CAT 2021

Slot 1

QA

Question & Solution

The quadratic equation of the form $\mid x^2 - 4x - 13 \mid = r$ has its minimum value at x = -b/2a, and hence does not vary irrespective of the value of x.

Hence at x = 2 the quadratic equation has its minimum.

Considering the quadratic part : $\left|x^2-4\cdot x-13\right|$. as per the given condition, this must-have 3 real roots.

The curve ABCDE represents the function $\left|x^2-4\cdot x-13\right|$. Because of the modulus function, the representation of the quadratic equation becomes :

ABC ' DE. 

There must exist a value, r such that there must exactly be 3 roots for the function. If r = 0 there will only be 2 roots, similarly for other values there will either be 2 or 4 roots unless at the point C'.
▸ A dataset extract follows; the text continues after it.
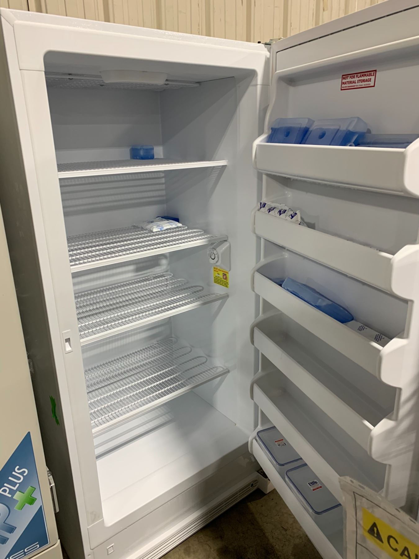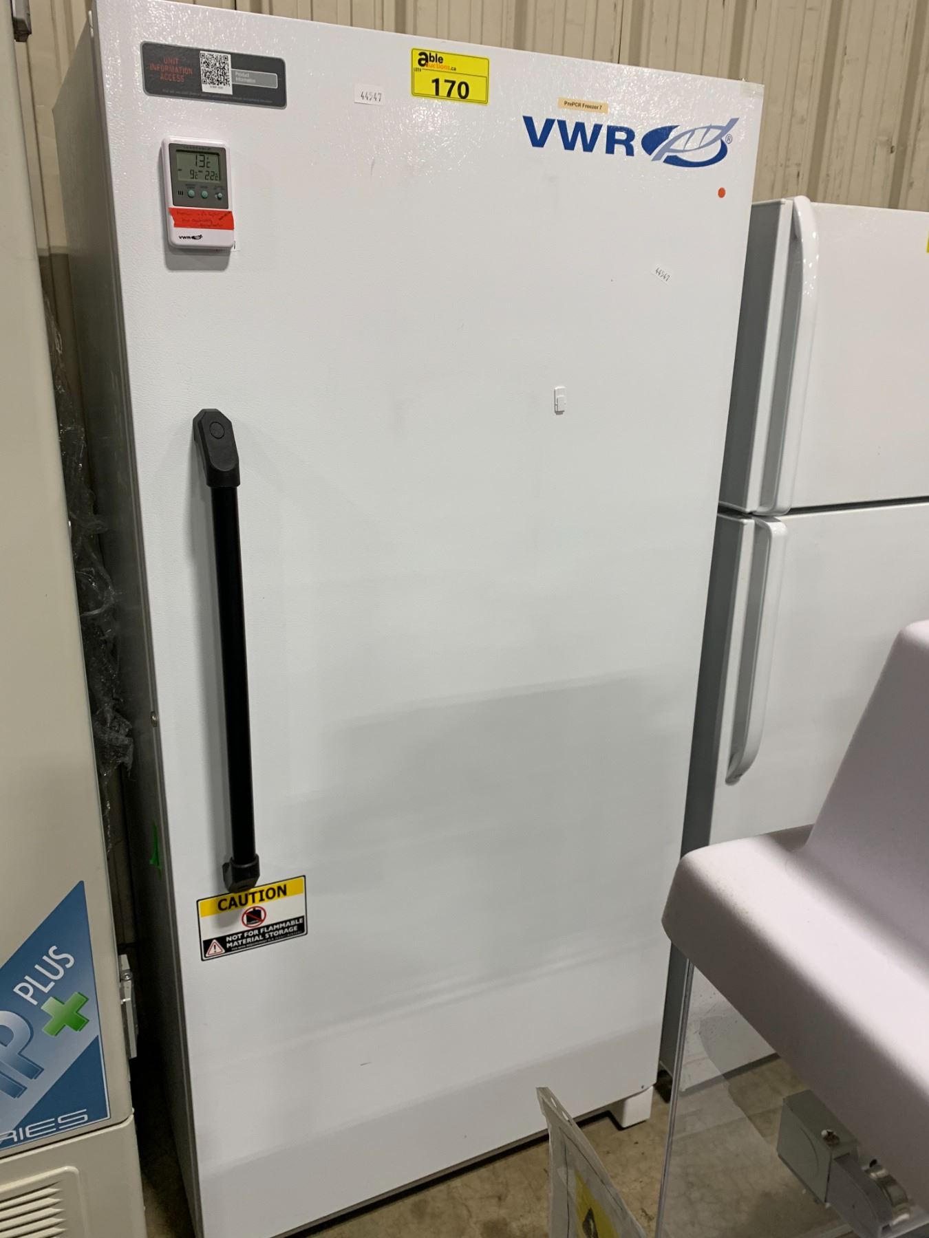 VWR SCBMF-2020 SINGLE DOOR COMMERCIAL LABORATORY VERTICAL FREEZER WITH VWR TIMER & ASSORTED COLD PACK CONTENTS

The point C' is a reflection of C about the x-axis. r is the y coordinate of the point C' :

The point C which is the value of the function at x = 2, = $2^2-8-13$

= -17, the reflection about the x-axis is 17.

Alternatively,

$\mid x^2 - 4x - 13 \mid = r$ .

This can represented in two parts :

$x^2-4x-13\ =\ r \textit{ (if r is positive)}$

$x^2-4x-13\ =\ -r\textit{ (if r is negative)}$

Considering the first case : $x^2-4x-13\ =r$

The quadraticequation becomes : $x^2-4x-13-r\ =\ 0$

The discriminant for this function is : $b^2-4ac\ =\ 16-\ \left(4\cdot\left(-13-r\right)\right)=68+4r$

SInce r is positive the discriminant is always greater than 0 this must have two distinct roots.

For the second case :

$x^2-4x-13+r\ =\ 0$ the function inside the modulus is negaitve

The discriminant is $16\ -\ \left(4\cdot\left(r-13\right)\right)\ =\ 68-4r$

In order to have a total of 3 roots, the discriminant must be equal to zero for this quadratic equation to have a total of 3 roots.

Hence $\ 68-4r\ =\ 0$

r = 17, for r = 17 we can have exactly 3 roots.